(Records to process Opens)

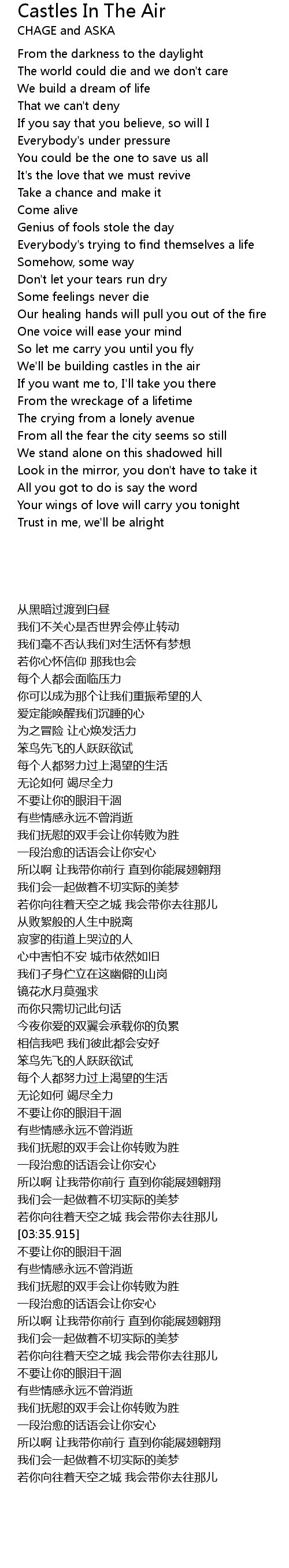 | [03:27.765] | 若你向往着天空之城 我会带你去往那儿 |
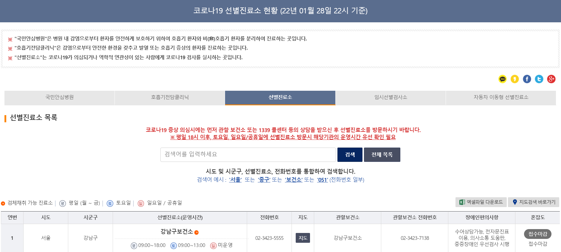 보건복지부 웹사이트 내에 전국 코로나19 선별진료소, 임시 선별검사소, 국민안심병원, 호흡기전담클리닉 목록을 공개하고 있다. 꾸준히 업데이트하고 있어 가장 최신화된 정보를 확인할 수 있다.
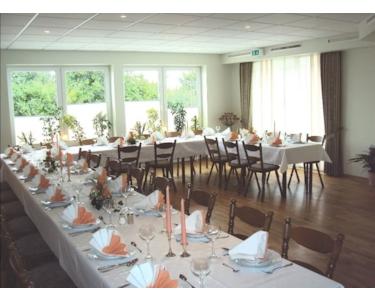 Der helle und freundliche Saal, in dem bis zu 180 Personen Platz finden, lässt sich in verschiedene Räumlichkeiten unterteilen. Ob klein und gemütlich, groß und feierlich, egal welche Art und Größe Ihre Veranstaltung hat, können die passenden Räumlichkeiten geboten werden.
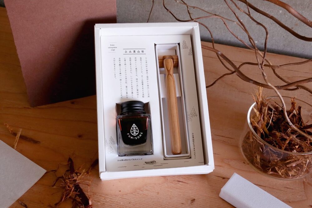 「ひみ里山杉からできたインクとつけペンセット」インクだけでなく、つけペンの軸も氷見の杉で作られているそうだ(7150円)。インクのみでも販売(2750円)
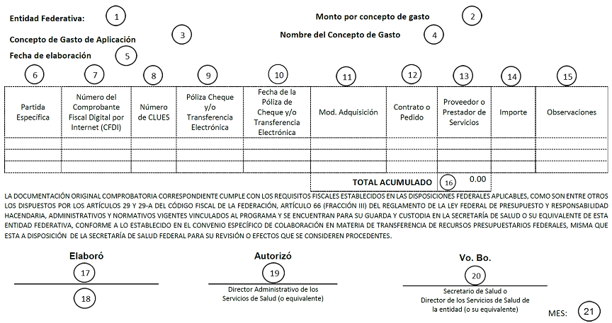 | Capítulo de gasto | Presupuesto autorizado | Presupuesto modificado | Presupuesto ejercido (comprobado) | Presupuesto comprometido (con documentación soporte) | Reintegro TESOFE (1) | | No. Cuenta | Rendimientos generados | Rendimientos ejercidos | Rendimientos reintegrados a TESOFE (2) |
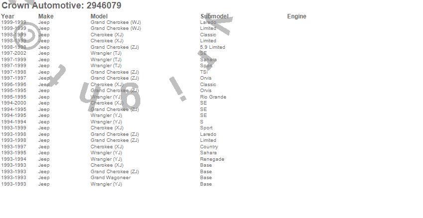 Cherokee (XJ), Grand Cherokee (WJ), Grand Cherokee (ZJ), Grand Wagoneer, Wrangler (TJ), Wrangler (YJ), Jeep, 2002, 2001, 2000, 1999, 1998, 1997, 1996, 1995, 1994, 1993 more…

(Records to process Closes)

▶ [Work instructions]:
Restate the data word for word, minus any images.

▶ [Solution for this exercise]:
 | [03:27.765] | 若你向往着天空之城 我会带你去往那儿 |
 보건복지부 웹사이트 내에 전국 코로나19 선별진료소, 임시 선별검사소, 국민안심병원, 호흡기전담클리닉 목록을 공개하고 있다. 꾸준히 업데이트하고 있어 가장 최신화된 정보를 확인할 수 있다.
 Der helle und freundliche Saal, in dem bis zu 180 Personen Platz finden, lässt sich in verschiedene Räumlichkeiten unterteilen. Ob klein und gemütlich, groß und feierlich, egal welche Art und Größe Ihre Veranstaltung hat, können die passenden Räumlichkeiten geboten werden.
 「ひみ里山杉からできたインクとつけペンセット」インクだけでなく、つけペンの軸も氷見の杉で作られているそうだ(7150円)。インクのみでも販売(2750円)
 | Capítulo de gasto | Presupuesto autorizado | Presupuesto modificado | Presupuesto ejercido (comprobado) | Presupuesto comprometido (con documentación soporte) | Reintegro TESOFE (1) | | No. Cuenta | Rendimientos generados | Rendimientos ejercidos | Rendimientos reintegrados a TESOFE (2) |
 Cherokee (XJ), Grand Cherokee (WJ), Grand Cherokee (ZJ), Grand Wagoneer, Wrangler (TJ), Wrangler (YJ), Jeep, 2002, 2001, 2000, 1999, 1998, 1997, 1996, 1995, 1994, 1993 more…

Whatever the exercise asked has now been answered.